■ Exercise goal ■
Output the data below only from the line containing "3D rendering of" up to and including the line containing "Kulaté plastové nástěnné", exact and with the pictures left out.

Data extracts below:

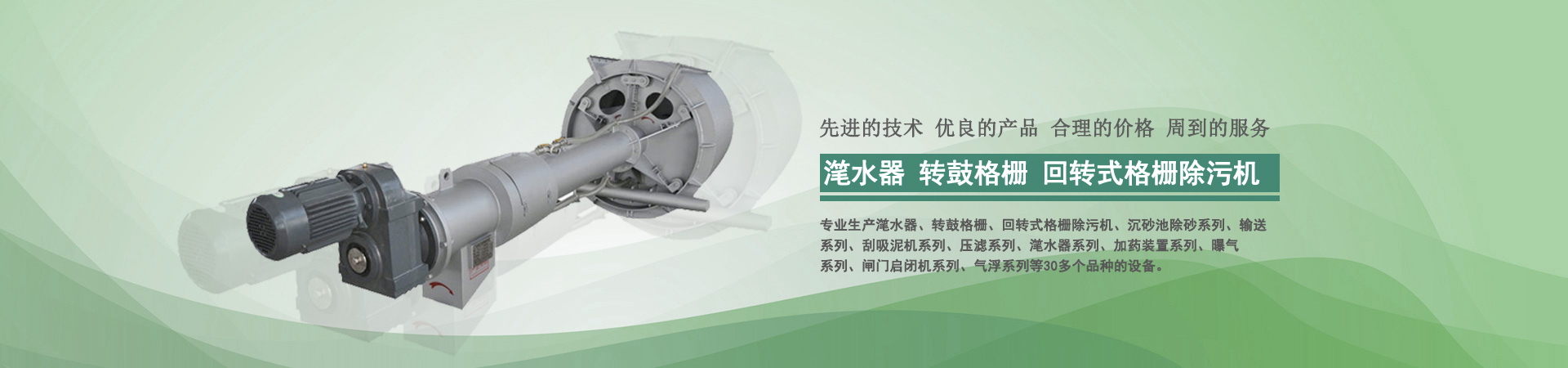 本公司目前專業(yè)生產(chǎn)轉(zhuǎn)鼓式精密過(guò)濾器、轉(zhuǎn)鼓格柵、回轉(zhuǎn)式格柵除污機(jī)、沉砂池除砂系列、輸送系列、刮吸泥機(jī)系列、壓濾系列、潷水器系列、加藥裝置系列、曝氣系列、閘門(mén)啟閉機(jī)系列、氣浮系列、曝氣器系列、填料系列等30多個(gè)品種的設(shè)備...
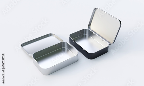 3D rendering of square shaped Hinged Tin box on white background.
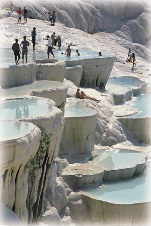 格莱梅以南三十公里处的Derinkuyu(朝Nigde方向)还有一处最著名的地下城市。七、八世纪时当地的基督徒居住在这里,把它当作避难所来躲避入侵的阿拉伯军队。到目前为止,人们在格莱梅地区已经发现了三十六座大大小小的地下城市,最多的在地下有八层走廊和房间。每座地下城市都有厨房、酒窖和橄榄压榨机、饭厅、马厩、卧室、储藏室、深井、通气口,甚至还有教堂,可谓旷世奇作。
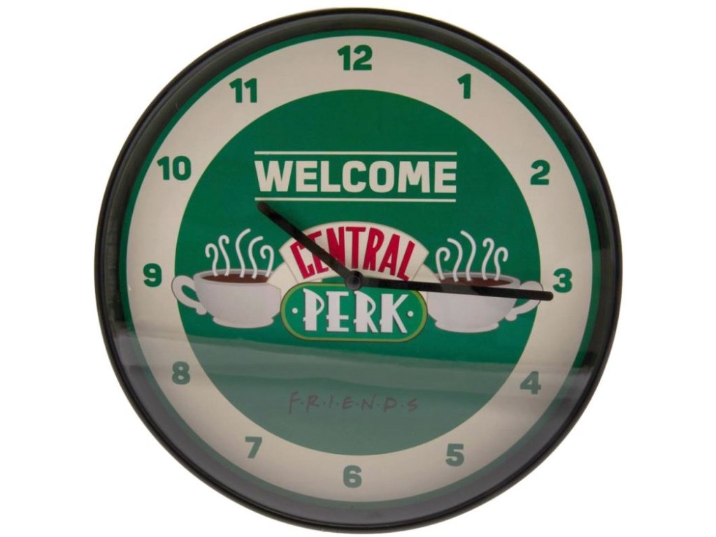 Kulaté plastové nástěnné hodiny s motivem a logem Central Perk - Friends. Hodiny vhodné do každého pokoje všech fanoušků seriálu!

End of Data extracts.
Data extracts below:

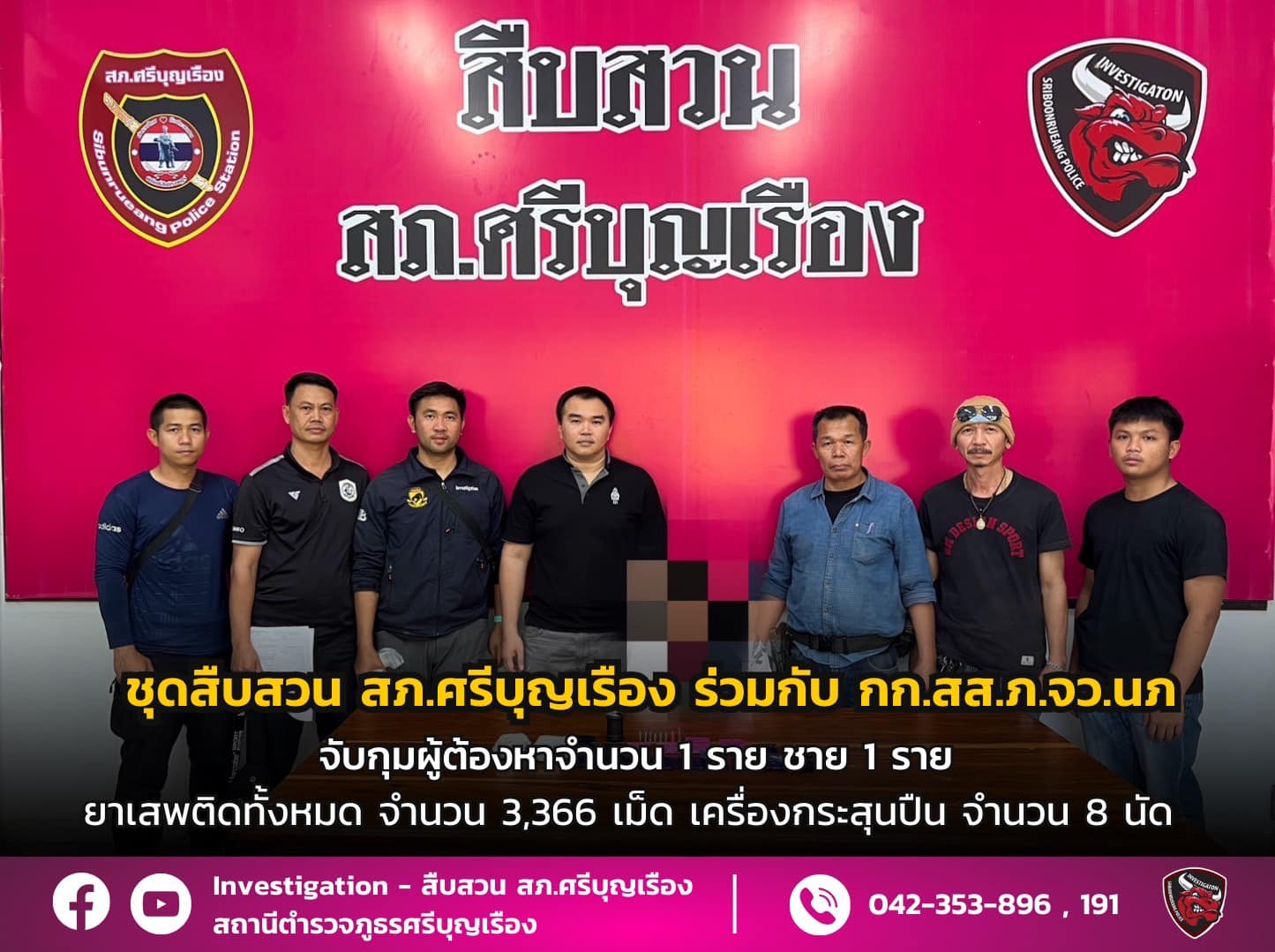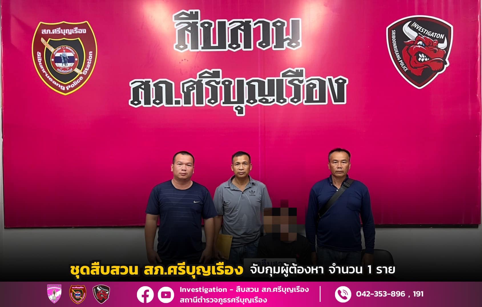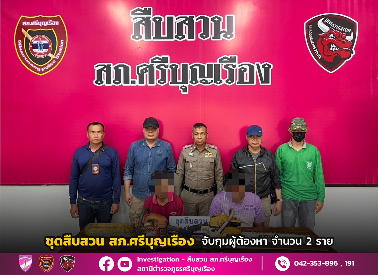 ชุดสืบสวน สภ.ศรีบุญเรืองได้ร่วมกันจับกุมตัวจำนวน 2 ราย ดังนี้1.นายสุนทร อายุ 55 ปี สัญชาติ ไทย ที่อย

End of Data extracts.

■ Task solution ■
 3D rendering of square shaped Hinged Tin box on white background.
 格莱梅以南三十公里处的Derinkuyu(朝Nigde方向)还有一处最著名的地下城市。七、八世纪时当地的基督徒居住在这里,把它当作避难所来躲避入侵的阿拉伯军队。到目前为止,人们在格莱梅地区已经发现了三十六座大大小小的地下城市,最多的在地下有八层走廊和房间。每座地下城市都有厨房、酒窖和橄榄压榨机、饭厅、马厩、卧室、储藏室、深井、通气口,甚至还有教堂,可谓旷世奇作。
 Kulaté plastové nástěnné hodiny s motivem a logem Central Perk - Friends. Hodiny vhodné do každého pokoje všech fanoušků seriálu!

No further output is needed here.